Es ist das mittlerweile 32. “Barometer des Vertrauens, das Franzosen in Medien setzen”, berichtet die Zeitung La Croix, in deren Auftrag die Studie erstellt wird. Die Studie hat in Frankreich eine gewisse Tradition und dadurch auch einen Stellenwert. Das ausführliche Ergebnis wird erst hinter einer Zahlschranke präsentiert. Das Abo kostet im ersten Monat 1 Euro und später 11 Euro 90. Wer wird sich das später leisten? Jede der größeren Zeitung verfolgt mittlerweile dieses Modell. Wer ist noch dazu bereit, auf eine Zeitung allein zu setzen?
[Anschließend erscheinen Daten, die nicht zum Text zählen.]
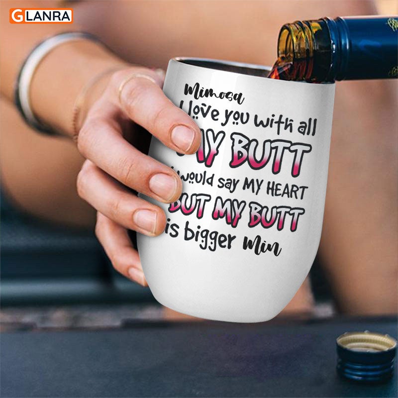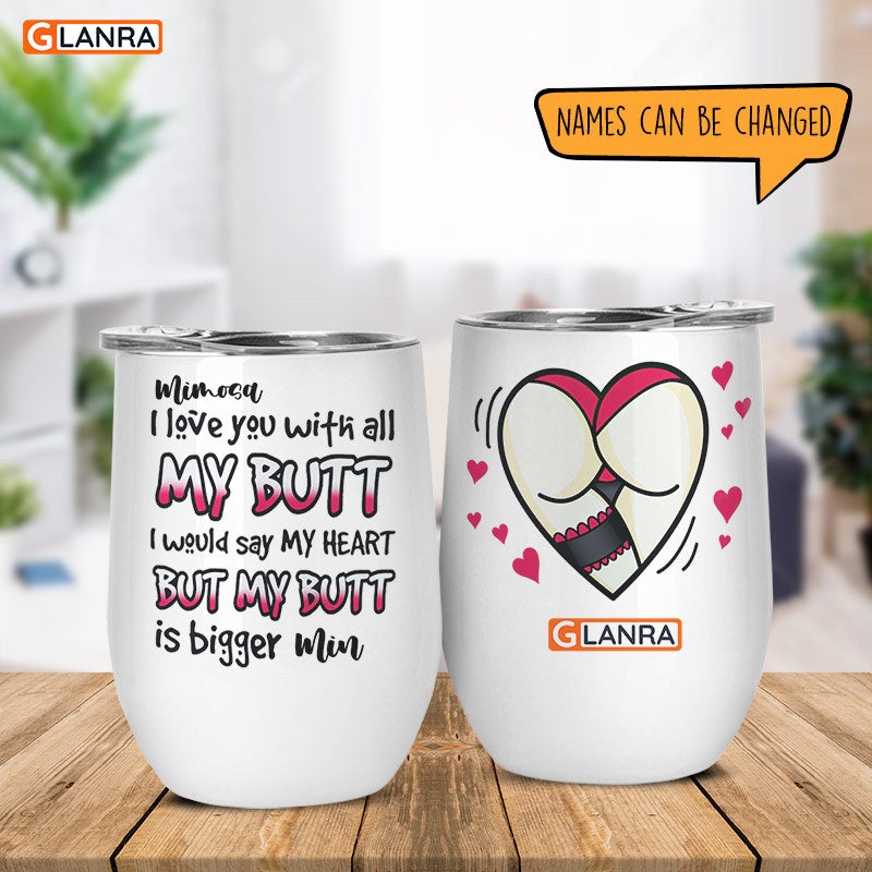 Personalized But My Butt Is Bigger Wine Tumbler, Custom Couple Wine Glasses, Wine, Stainless Steel, Water Bottle, Glitter, Metal, Insulated, Tumbler

Glaubwürdigkeit: “Ganz unten angelangt”

Im Vorspann, der 20 Prozent des Artikels preisgibt, wird das Ergebnis der Vertrauensstudie so zusammengefasst:

Die Glaubwürdigkeit, die unterschiedlichen Informationsträgern zugestanden wird, und die Wahrnehmung der Unabhängigkeit der Journalisten sind ganz unten angelangt. Dabei ist das Interesse für News nach drei Jahren wieder angestiegen.

La Croix

Die Zahlen des Barometers, die zum Teil auch beim Institut Kantar, das die Studie seit 1987 durchführt, zu erfahren sind: Gute zwei Drittel der befragten Franzosen (67 Prozent von 1024 repräsentativ Befragten) gaben in face-to-face-Interviews an, dass sie die Nachrichten “mit großem Interesse” verfolgen. Das waren 5 Prozent mehr als im Vorjahr. Das gestiegene Interesse an News hat wahrscheinlich mit den Protesten der Gelbwesten zu tun. Der Zeitraum der Befragung – von 3. bis 7. Januar – spricht dafür.

Radio: Das glaubwürdigste Medium mit 50 Prozent “Vertrauensanteil”

Angesichts der Zunahme des Interesses ist die gleichzeitig beobachtete Abnahme der attestierten Glaubwürdigkeit keine gute Nachricht für die Medien. Nur die Hälfte der Französinnen und Franzosen glauben, was sie im Radio hören. Das Medium gilt seit 1990 als das glaubwürdigste in Frankreich.